Data for this task Start Marker

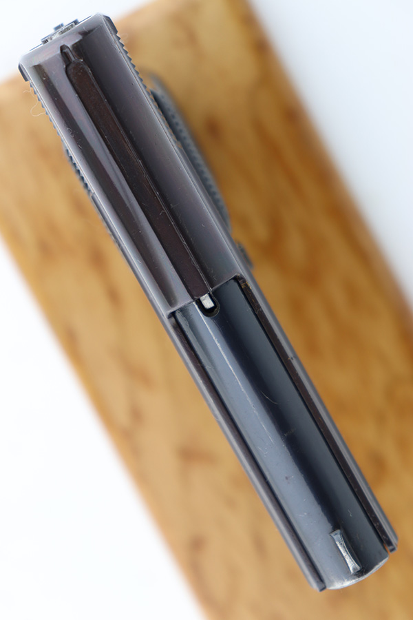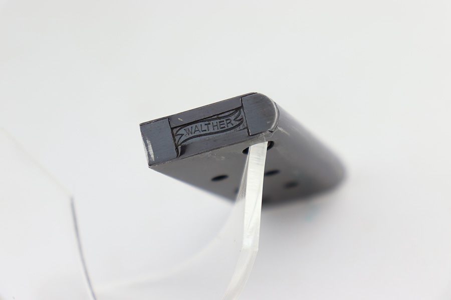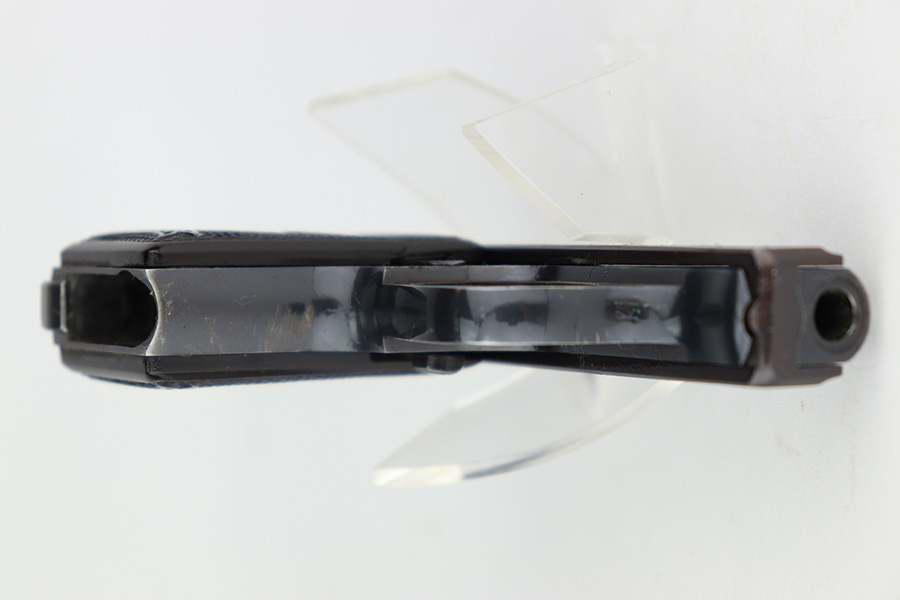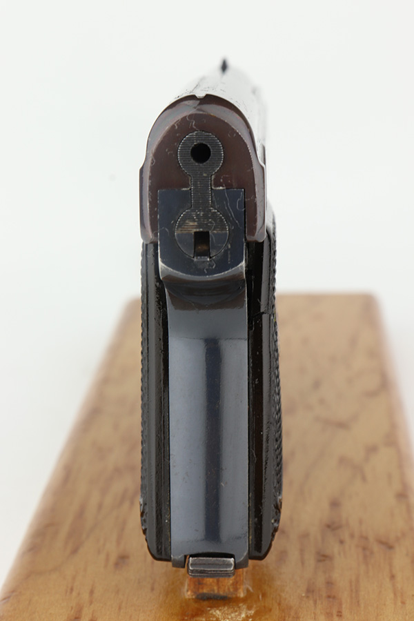 11/30/22 – This is a beautiful example of a Walther Model 9 sold in the commercial market in the early 1930’s. It is all matching and has the proper “Crown N” proofs. This one is special because it has a really nice gold-inlayed ornate filigree pattern around the Walther logos on both sides of the slide. The bluing on the slide also has a slight plum color to it. The gun has retained about 98% of its original high polish finish with very minor muzzle wear and some light scratchy wear on the front strap. Comes with nice period-correct black bakelite grips – hairline crack on the right side. Also comes with a proper “Walther” banner magazine. Mint bore.
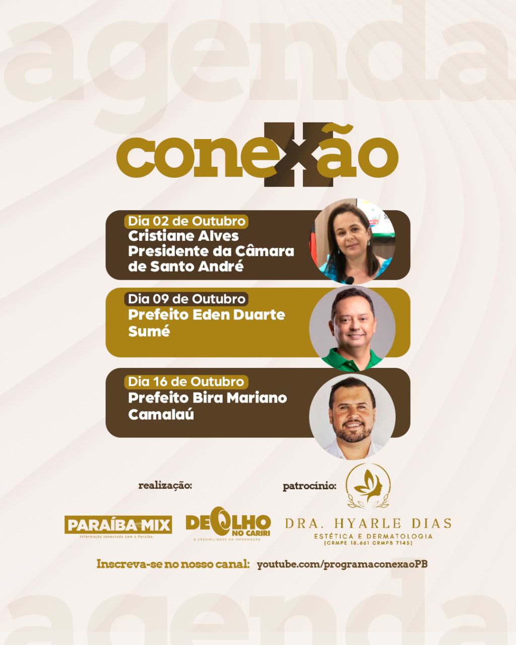 Após o grande sucesso desde a reestreia, o programa de entrevistas ‘CONEXÃO’, criado pelos portais de notícias De Olho no Cariri e Paraíba Mix, continua trazendo para sua mesa redonda on-line gente que é notícia. Já está disponível as três próximas conversas para os dias 02, 09 e 16 de outubro. Nesta segunda, dia 02, […]
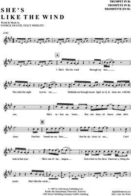 She´s like the wind - Noten für Trompete in B Patrick Swayze (aus: Dirty Dancing)
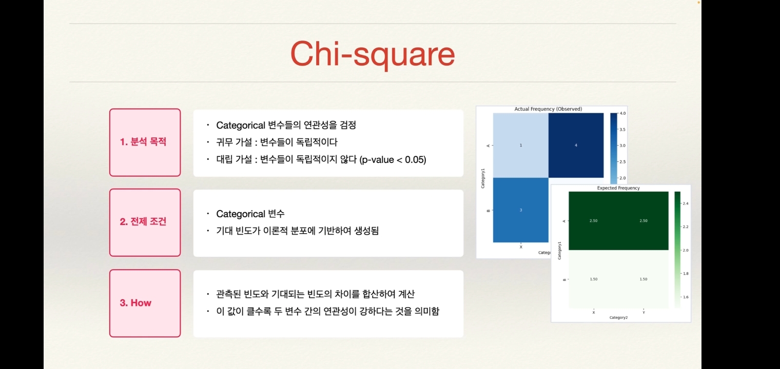 이 강의에서는 독립성 검정에 대해 소개하고 있고, 독립성 검정은 기대빈도와 실제빈도를 비교해 변수간의 연관성(연관성이 없다면 독립성)을 조사한다.
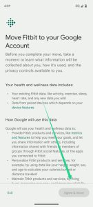 - صفحه بعدی شامل توضیحاتی درباره نحوه استفاده گوگل از دادههای Fitbit است. برای پذیرش شرایط و انتقال دادهها، گزینه Agree & move را فشار دهید.
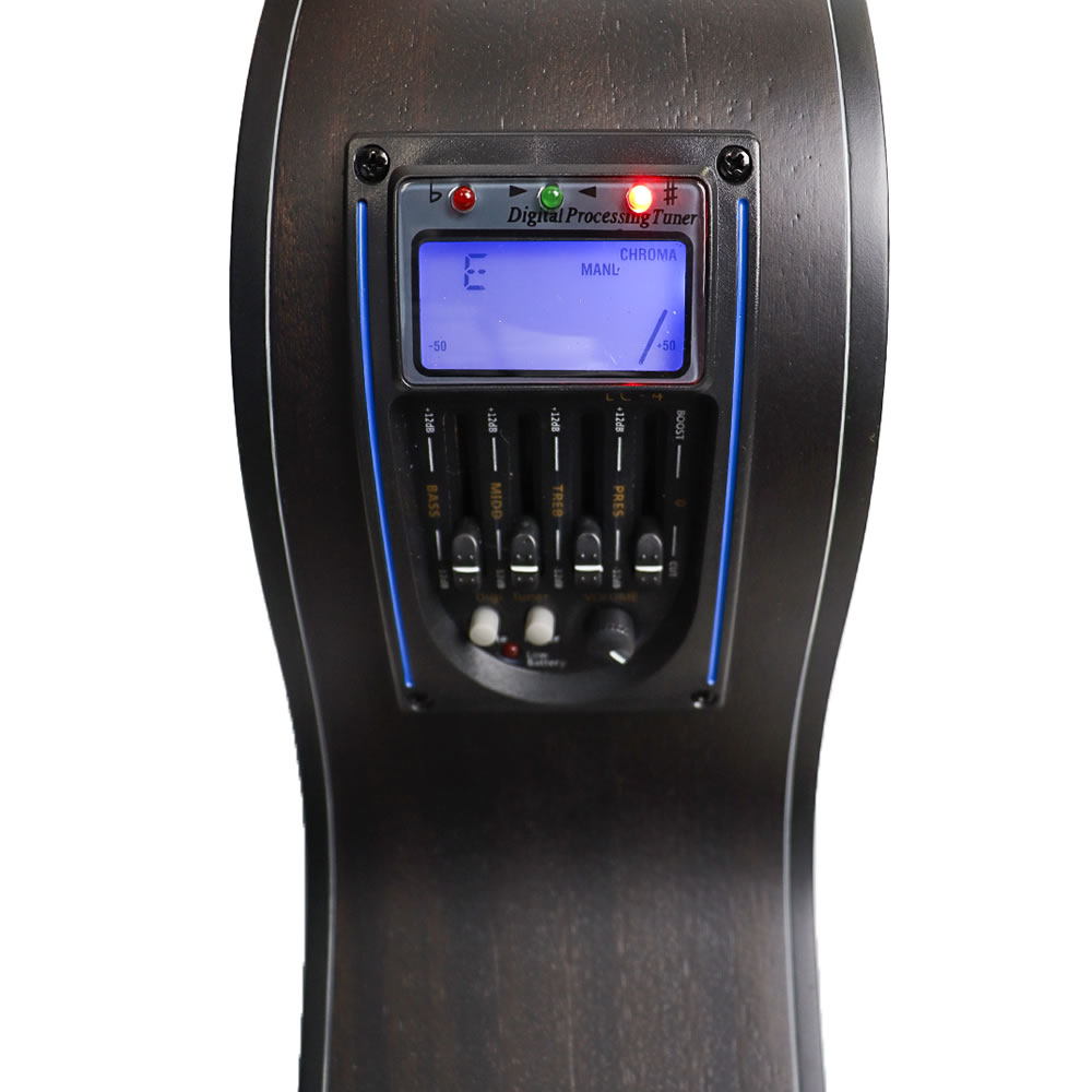 Con caja delgada de 40 pulgadas de caoba y su corte en media luna facilita el acceso a sus trastes superiores convirtiéndola en una de las guitarras más populares de la Marca Jmt.
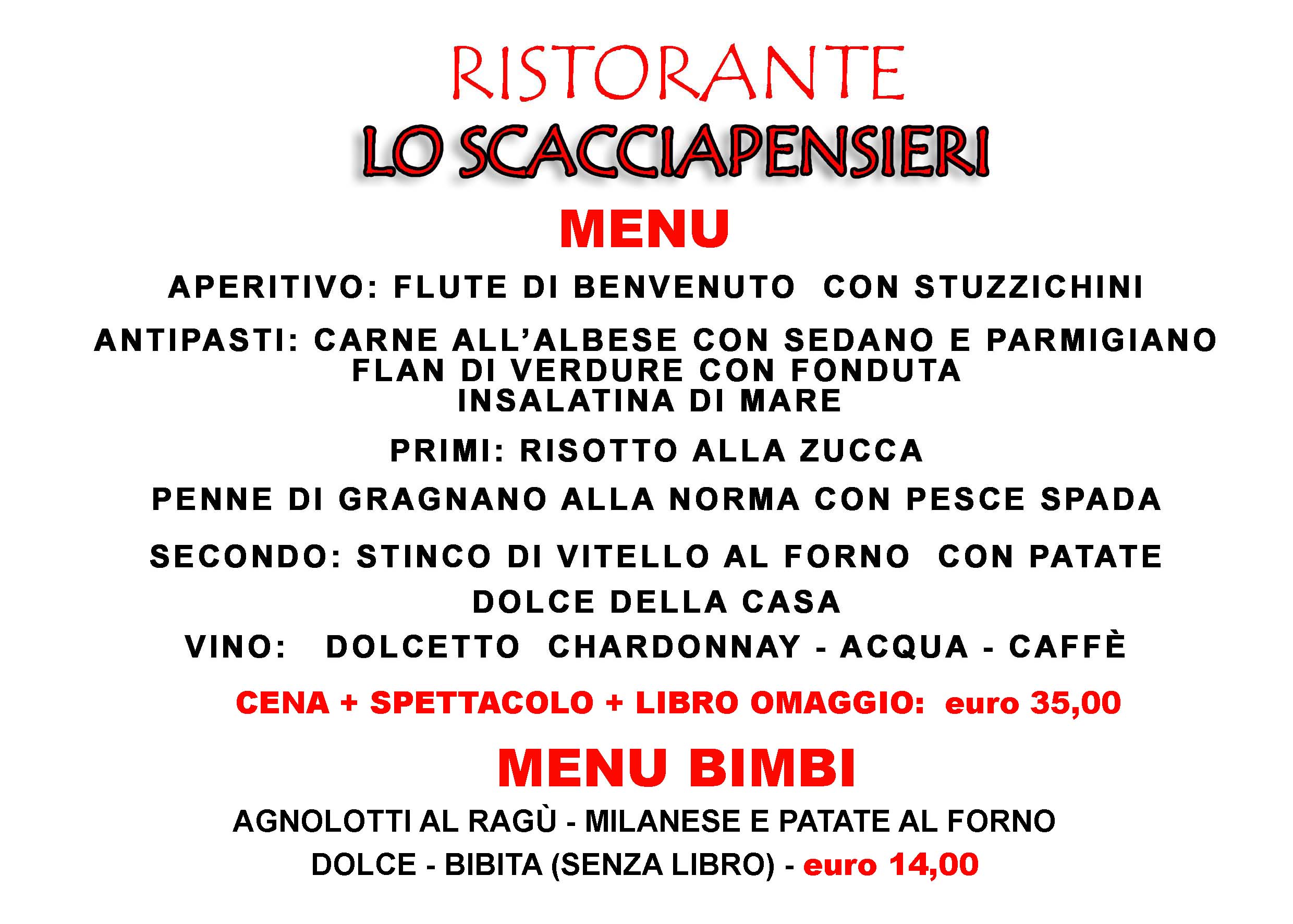 Nella splendida location del Ristorante Lo Scacciapensieri, Via Valdellatorre 267, Alpignano, la comitiva degli autori del Circolo Artistico e Letterario Hogwords darà vita (o morte...) ad una comica Cena con delitto deliziando i commensali con battute a raffica, spesso improvvisate sul momento e fuori copione. Fabrizio Legger, Daniel Falco, Teresa Scalzo, Sara Quero, Junaid Kahn, Gabriella Gumina, Annamaria Grimaldi, Danilo Tacchino, Pier Giorgio Tomatis, si alternano nell'intrattenimento di un vasto e attento pubblico. Liberamente ispiratisi alle creature di Agatha Christie, Sir Arthur Conan Doyle, Blake Edwards, i 6 attori che di volta in volta si susseguono tra i tavoli del Ristorante recitano, intrattengono ma perlopiù vivono delle situazioni misteriose e gialle. Più di un'ora di spettacolo (che con la cena diventano almeno tre) per poi svelare l'identità dell'assassino e premiare i migliori classificati soddisfano le esigenze del pubblico ma è il dopo che la formula di Hogwords diventa vincente. La lettura e l'interpretazione di quanto scritto da coloro che si classificano nella Side B (così vengono chiamati) è spassosissima e merita da sola il prezzo della cena.
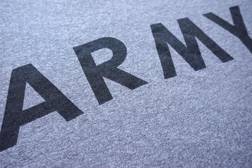 杢グレーのボディに、ARMYのプリント。
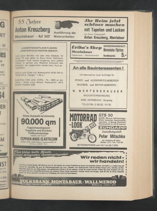 Auch ganze Betriebe, mit oder ohne Gebäude, für Herbst 75 oder später im Raum Girod, Wallmerod, Hundsangen. Auch weitere Umgebung, wenn größere Flächen zu pachten sind. Möglichst Ackerland oder Gründland, das umgebrochen werden kann. Auch ge - ringe Böden.
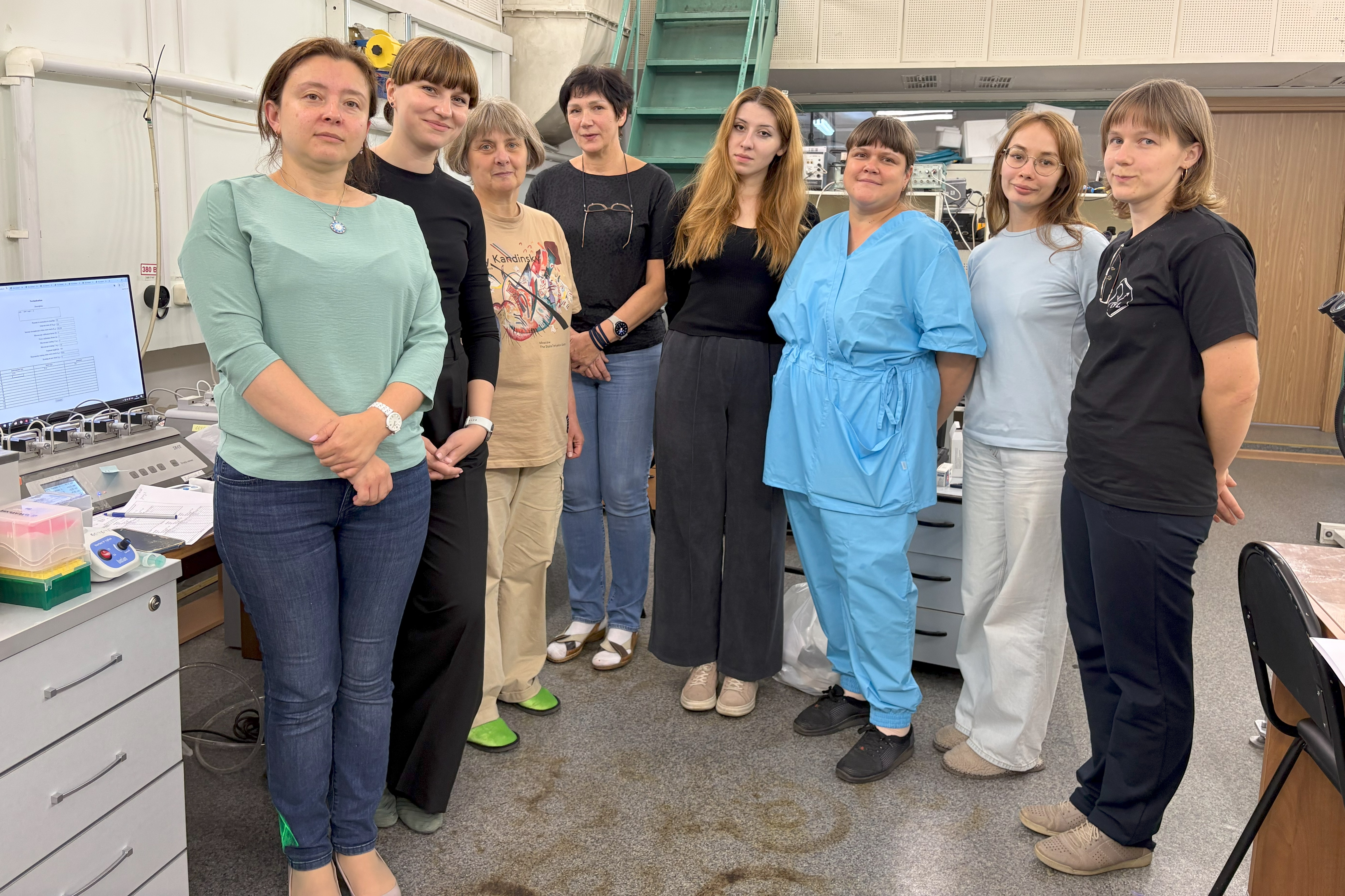 Исследователи регуляции тонуса сосудов: Д.К. Гайнуллина, Н.А. Швецова, О.Е. Фадюкова, О.С. Тарасова, А.А. Дружинина, А.А. Борзых, М.П. Печкова и О.О. Кирюхина. В кадр не попал К.А. Богоцкой (фотографирует).
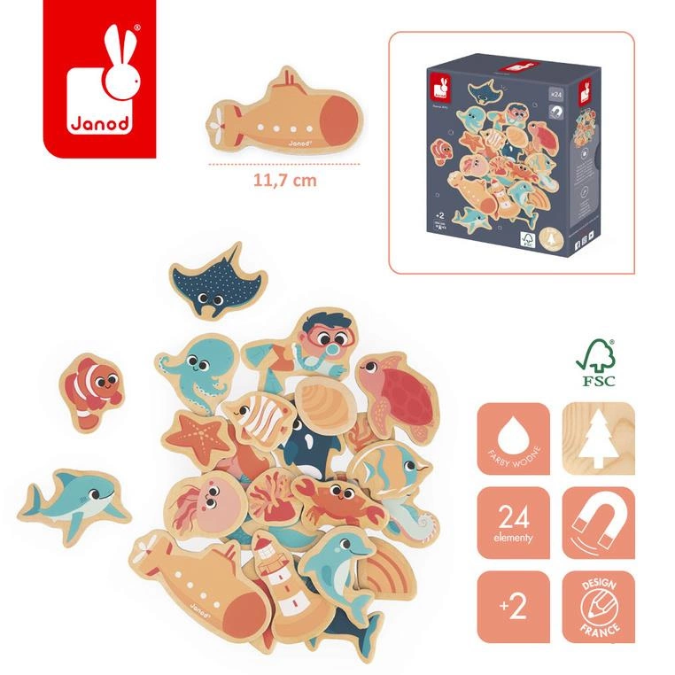 Janod Magnesy drewniane Podwodny świat 24 szt. 2+
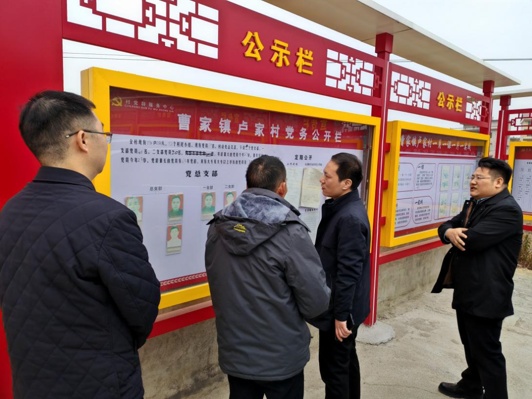 葛旭華一行到盧家村后,仔細(xì)查看了黨務(wù)公開欄,認(rèn)真聽取了駐村第一書記的工作匯報,對駐村第一書記在村開展的工作給予充分肯定,對盧家村2024年10月30日完成軟弱渙散村摘牌脫帽給予表揚(yáng),同時指出了工作中存在的短板和弱項(xiàng),希望再接再厲,補(bǔ)短板、強(qiáng)弱項(xiàng),并就下一步黨組織建設(shè)工作提出了具體意見。
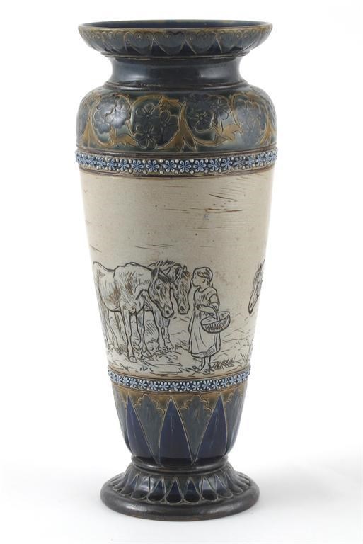 A Doulton Lambeth stoneware vase by Hannah Barlow, dated 1881, incised with a band of horses resting by a young girl, between borders of flowers and foliage, glazed green, blue and ochre on a buff ground impressed marks, incised monogram restored neck 30cm. high

Data for this task End Marker

- Brief
Nothing but the lines from the line containing "杢グレーのボディに、ARMYのプリント。" through the last line of the records above is to be extracted, exactly and with no pictures.

- Reply
 杢グレーのボディに、ARMYのプリント。
 Auch ganze Betriebe, mit oder ohne Gebäude, für Herbst 75 oder später im Raum Girod, Wallmerod, Hundsangen. Auch weitere Umgebung, wenn größere Flächen zu pachten sind. Möglichst Ackerland oder Gründland, das umgebrochen werden kann. Auch ge - ringe Böden.
 Исследователи регуляции тонуса сосудов: Д.К. Гайнуллина, Н.А. Швецова, О.Е. Фадюкова, О.С. Тарасова, А.А. Дружинина, А.А. Борзых, М.П. Печкова и О.О. Кирюхина. В кадр не попал К.А. Богоцкой (фотографирует).
 Janod Magnesy drewniane Podwodny świat 24 szt. 2+
 葛旭華一行到盧家村后,仔細(xì)查看了黨務(wù)公開欄,認(rèn)真聽取了駐村第一書記的工作匯報,對駐村第一書記在村開展的工作給予充分肯定,對盧家村2024年10月30日完成軟弱渙散村摘牌脫帽給予表揚(yáng),同時指出了工作中存在的短板和弱項(xiàng),希望再接再厲,補(bǔ)短板、強(qiáng)弱項(xiàng),并就下一步黨組織建設(shè)工作提出了具體意見。
 A Doulton Lambeth stoneware vase by Hannah Barlow, dated 1881, incised with a band of horses resting by a young girl, between borders of flowers and foliage, glazed green, blue and ochre on a buff ground impressed marks, incised monogram restored neck 30cm. high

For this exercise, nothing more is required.